■ PROBLEM DESCRIPTION ■
Output every entry exactly as written, skipping any pictures.

■ GIVEN RECORDS ■
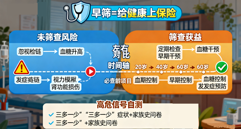 场景二:50 岁的张阿姨很少吃甜食,却因家族中有 3 位糖尿病患者,加上退休后每天久坐看电视超 6 小时、体重逐年增加,去年体检被诊断为 “2 型糖尿病前期”,空腹血糖达到 6.8mmol/L。
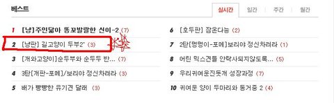 아까 잠깐 들어왔다 일하느라구 지금 인사드리는데 실시간 2위! (춤춰춤춰!)
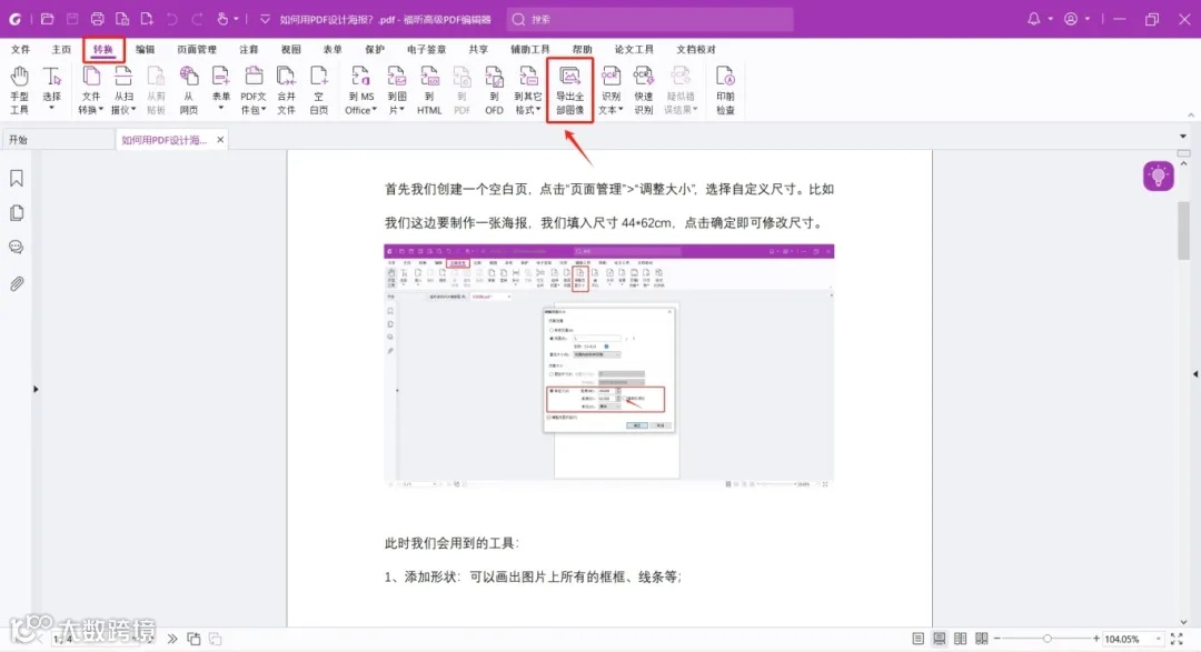 首先利用福昕高级PDF编辑器,打开一份需要提取图片的文档,点击导航栏“转换”>“导出全部图像”,选择一个存储位置即可。
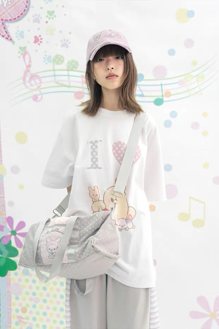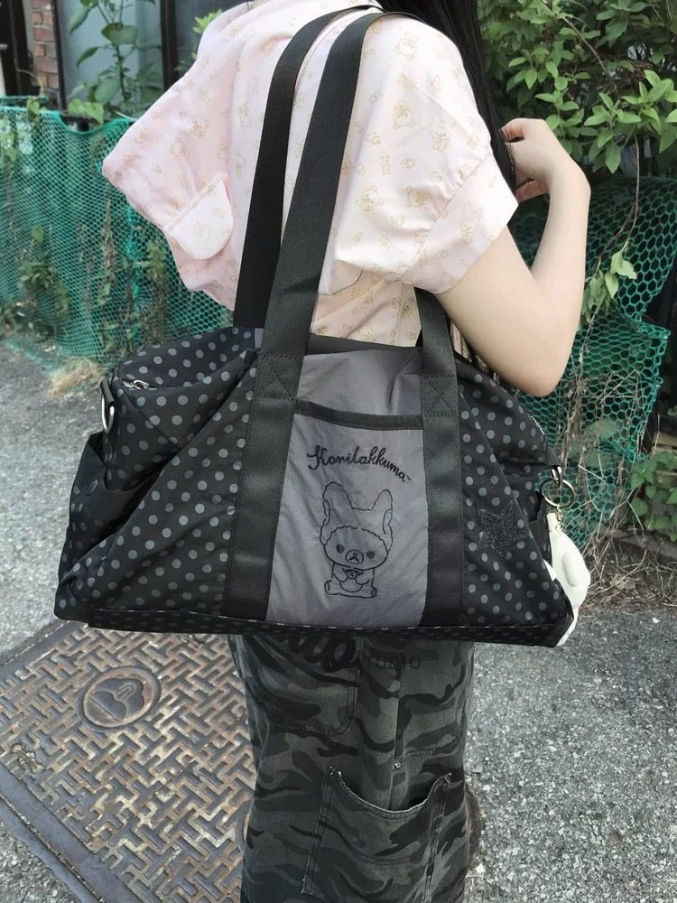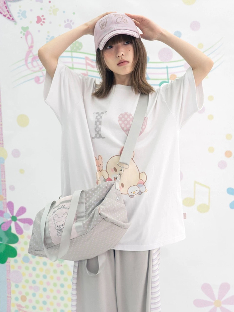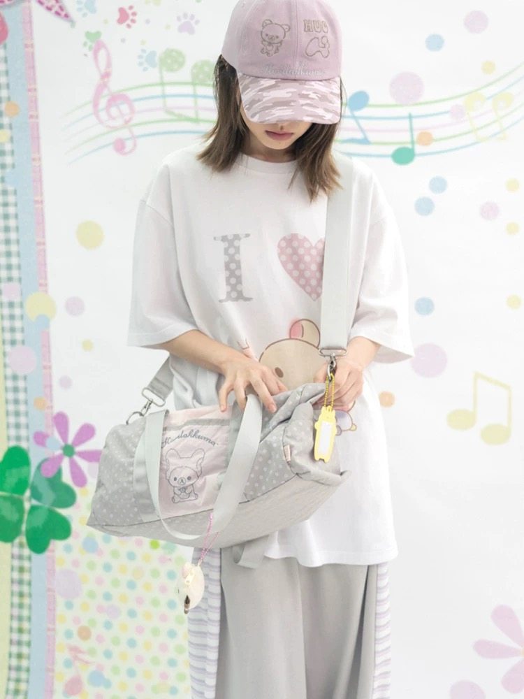 Korean Hugyourskin Rilakkuma Collaboration Casual Style Letter Embroidered Shoulder Bag Crossbody Bag Handbag
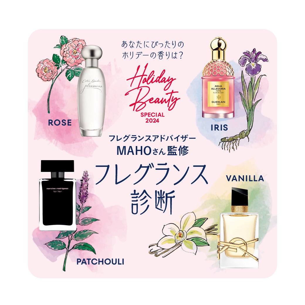 WEBでは上記マガジンテーマをより詳細に、ホリデーシーズンを華やかにする多数の限定アイテムや、ぴったりの香りが見つかる「フレグランス診断」など、ビューティー情報もタイムリーに配信いたします。
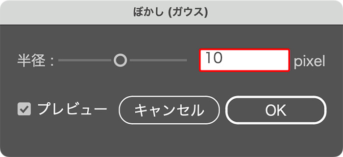 グループ化したパーツが選択された状態のまま、効果メニュー→“ぼかし”→“ぼかし(ガウス)...”を[半径:10pixel]で適用し(図67)、モチーフの輪郭を少しぼかす(図68)(図69)。
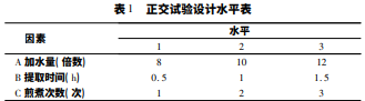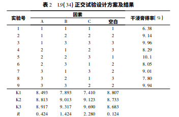 經過前期數次預實驗以及參考 其他可知,對水提法提率影響主要的因素為 加水量、提取時間和提取次數。我們以這三個因素作 為考察因素,每個因素取 3 個水平,因素水平設計參考 其他中藥制劑并結合生產實際。加水量分別為 8 倍 量、10 倍量、12 倍量; 提取時間一般為 1 h,故設計為 0. 5、1、1. 5 h; 提取次數一般為 1 ~ 3 次。按照 L9( 34) 正交表進行正交試驗,以干浸膏得率作為評價指標,篩 選最佳提取工藝。見表 1、2。
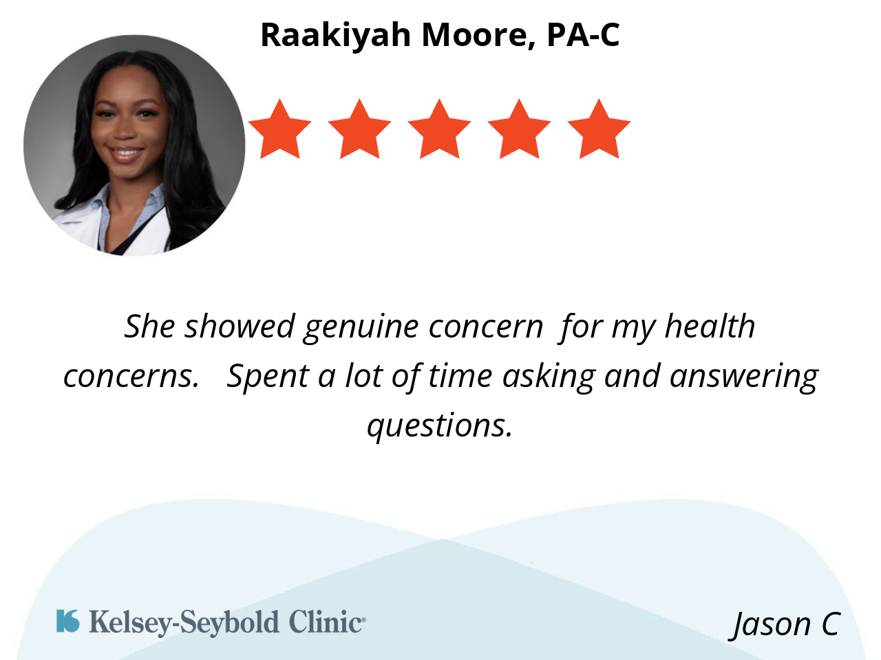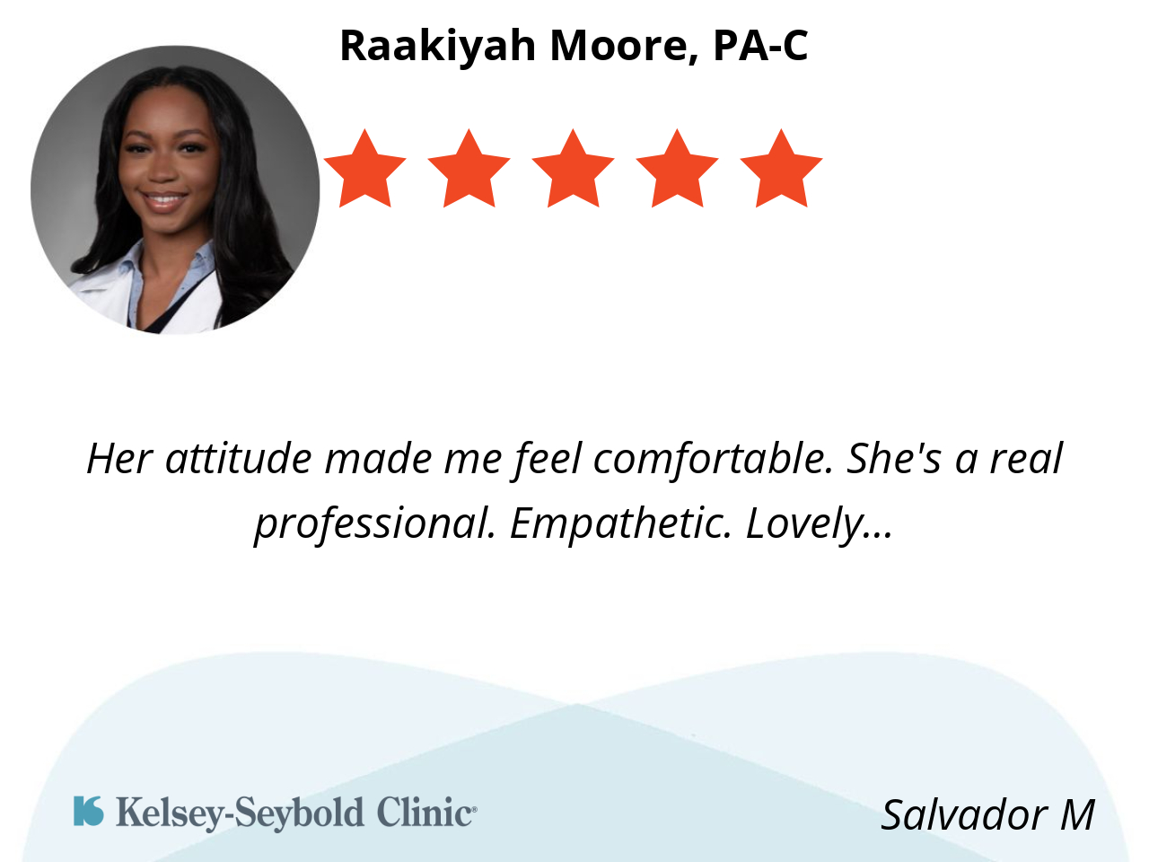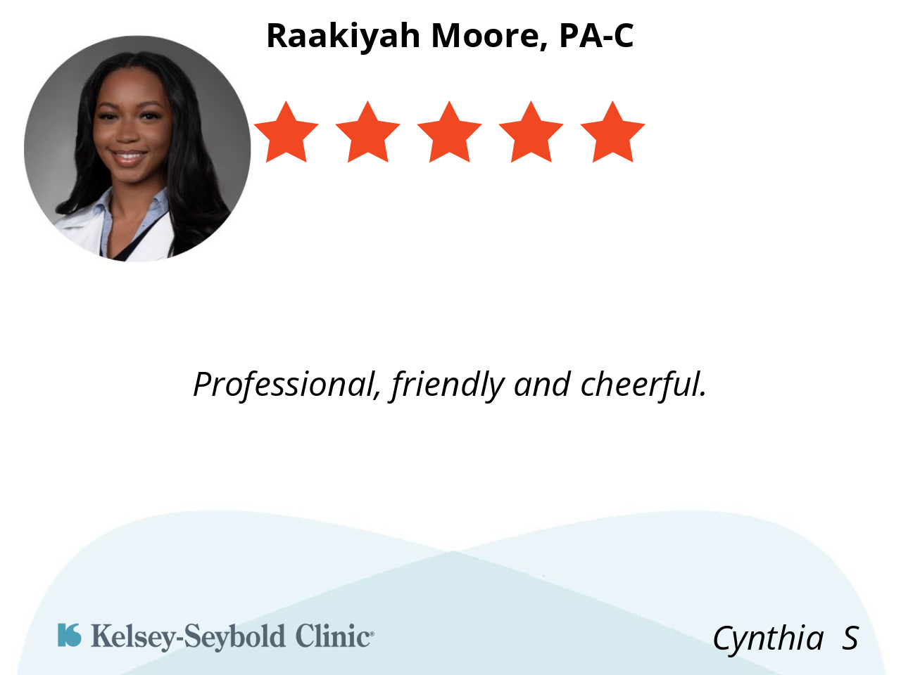 Dr. Moore was extremely thorough and personable! Encouraged me to email her with any questions post-visit.
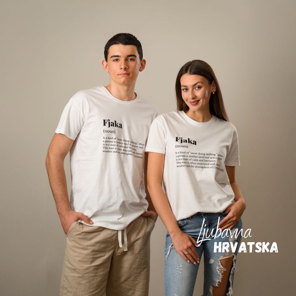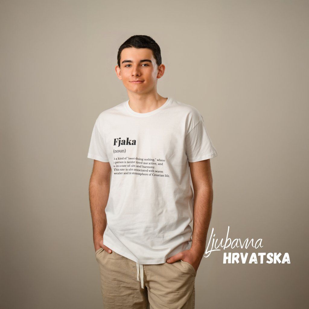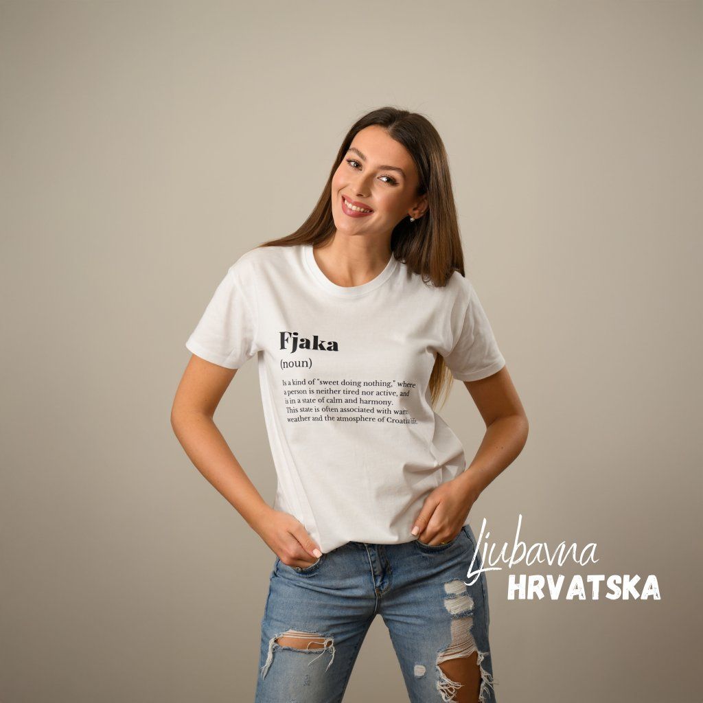 White short-sleeve T-shirt. FJAKA print. Suitable for both women and men as a reminder of Dalmatia. The T-shirt was created as a summer 2025 collection, inspired by a love for Croatia.
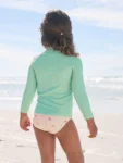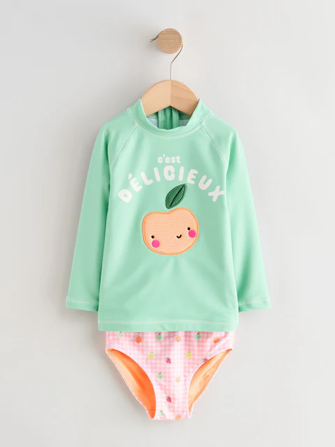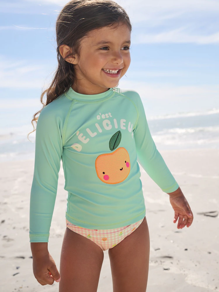 This long-sleeve sunsafe swimsuit features an all-over print of whimsical designs. Designed for beach and pool days, the fabric provides a UPF rating of 50+ to help protect delicate skin from the sun.
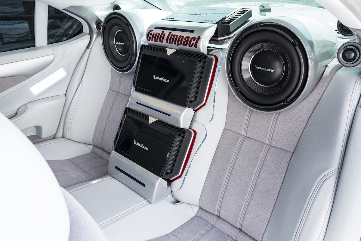 必見のインテリア。濃度の異なる3タイプのシルバーでフル張り替え。ピラーやステアリングなど一部はシルバーラメ塗装も組み合わせた。赤の差し色もポイント。後席中央にはアンプ設置+ヘッドレスト部分にウーハー埋め込み。
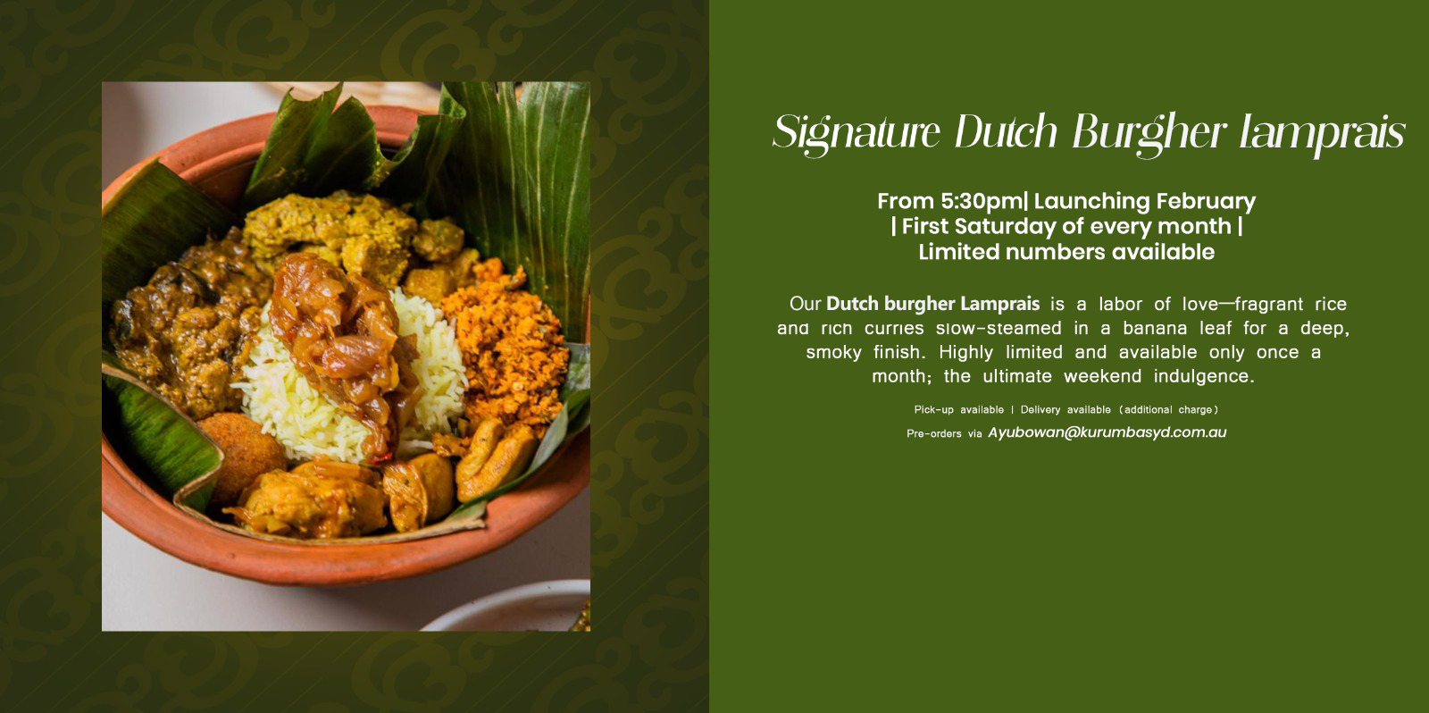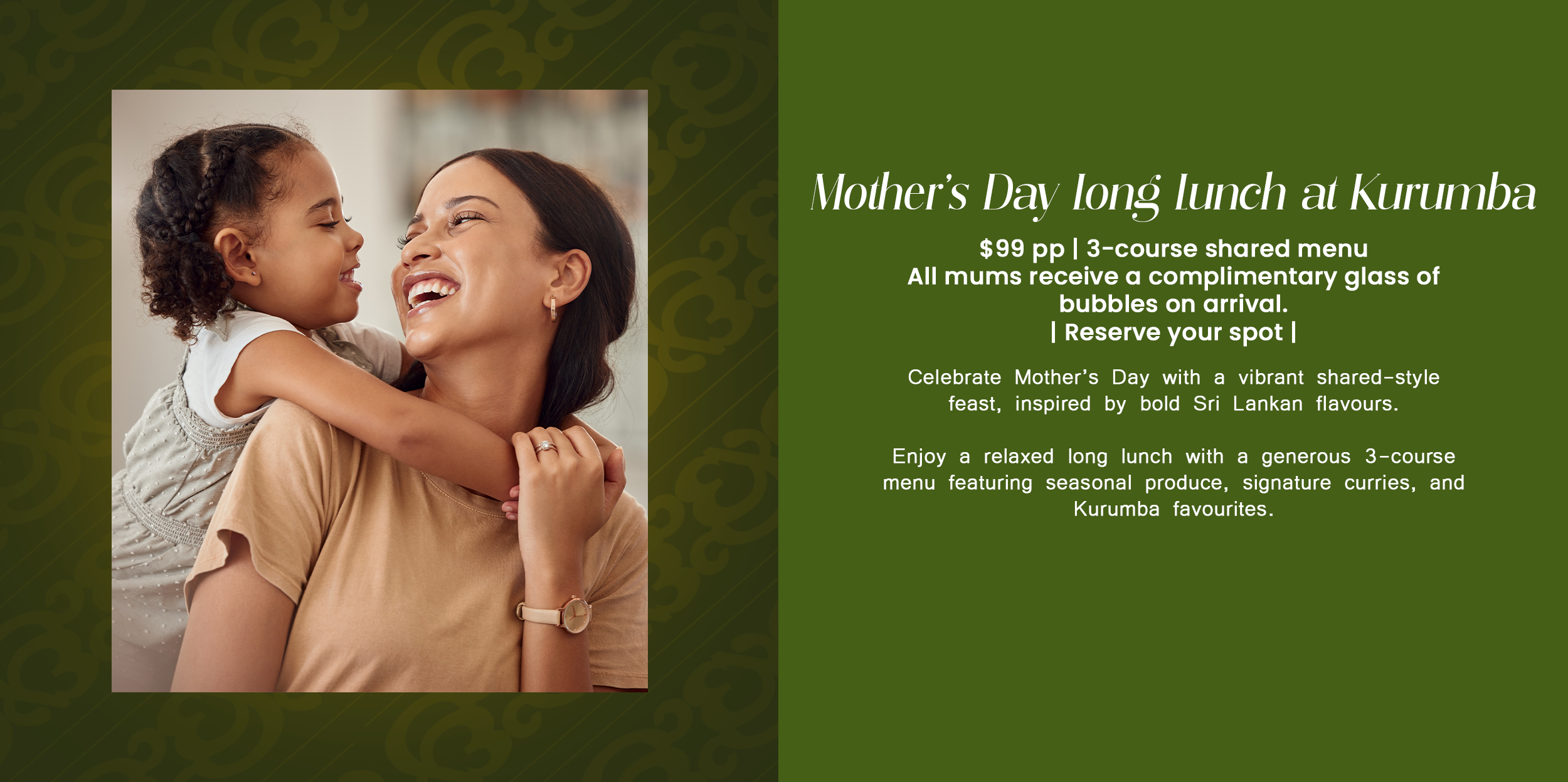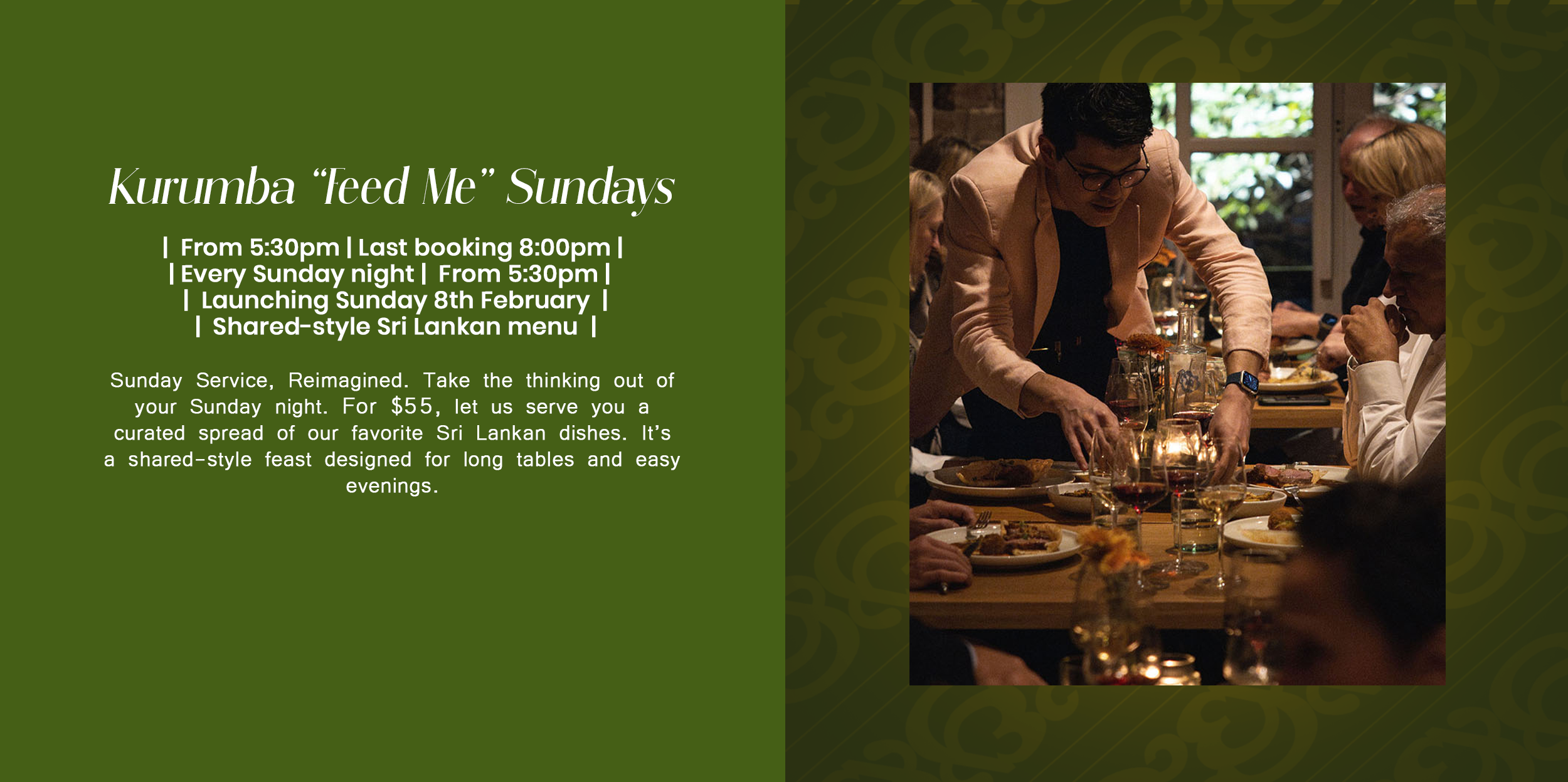 Join us for a shared style Sri Lankan inspired feast at Kurumba $85

■ REPLY ■
 场景二:50 岁的张阿姨很少吃甜食,却因家族中有 3 位糖尿病患者,加上退休后每天久坐看电视超 6 小时、体重逐年增加,去年体检被诊断为 “2 型糖尿病前期”,空腹血糖达到 6.8mmol/L。
 아까 잠깐 들어왔다 일하느라구 지금 인사드리는데 실시간 2위! (춤춰춤춰!)
 首先利用福昕高级PDF编辑器,打开一份需要提取图片的文档,点击导航栏“转换”>“导出全部图像”,选择一个存储位置即可。
 Korean Hugyourskin Rilakkuma Collaboration Casual Style Letter Embroidered Shoulder Bag Crossbody Bag Handbag
 WEBでは上記マガジンテーマをより詳細に、ホリデーシーズンを華やかにする多数の限定アイテムや、ぴったりの香りが見つかる「フレグランス診断」など、ビューティー情報もタイムリーに配信いたします。
 グループ化したパーツが選択された状態のまま、効果メニュー→“ぼかし”→“ぼかし(ガウス)...”を[半径:10pixel]で適用し(図67)、モチーフの輪郭を少しぼかす(図68)(図69)。
 經過前期數次預實驗以及參考 其他可知,對水提法提率影響主要的因素為 加水量、提取時間和提取次數。我們以這三個因素作 為考察因素,每個因素取 3 個水平,因素水平設計參考 其他中藥制劑并結合生產實際。加水量分別為 8 倍 量、10 倍量、12 倍量; 提取時間一般為 1 h,故設計為 0. 5、1、1. 5 h; 提取次數一般為 1 ~ 3 次。按照 L9( 34) 正交表進行正交試驗,以干浸膏得率作為評價指標,篩 選最佳提取工藝。見表 1、2。
 Dr. Moore was extremely thorough and personable! Encouraged me to email her with any questions post-visit.
 White short-sleeve T-shirt. FJAKA print. Suitable for both women and men as a reminder of Dalmatia. The T-shirt was created as a summer 2025 collection, inspired by a love for Croatia.
 This long-sleeve sunsafe swimsuit features an all-over print of whimsical designs. Designed for beach and pool days, the fabric provides a UPF rating of 50+ to help protect delicate skin from the sun.
 必見のインテリア。濃度の異なる3タイプのシルバーでフル張り替え。ピラーやステアリングなど一部はシルバーラメ塗装も組み合わせた。赤の差し色もポイント。後席中央にはアンプ設置+ヘッドレスト部分にウーハー埋め込み。
 Join us for a shared style Sri Lankan inspired feast at Kurumba $85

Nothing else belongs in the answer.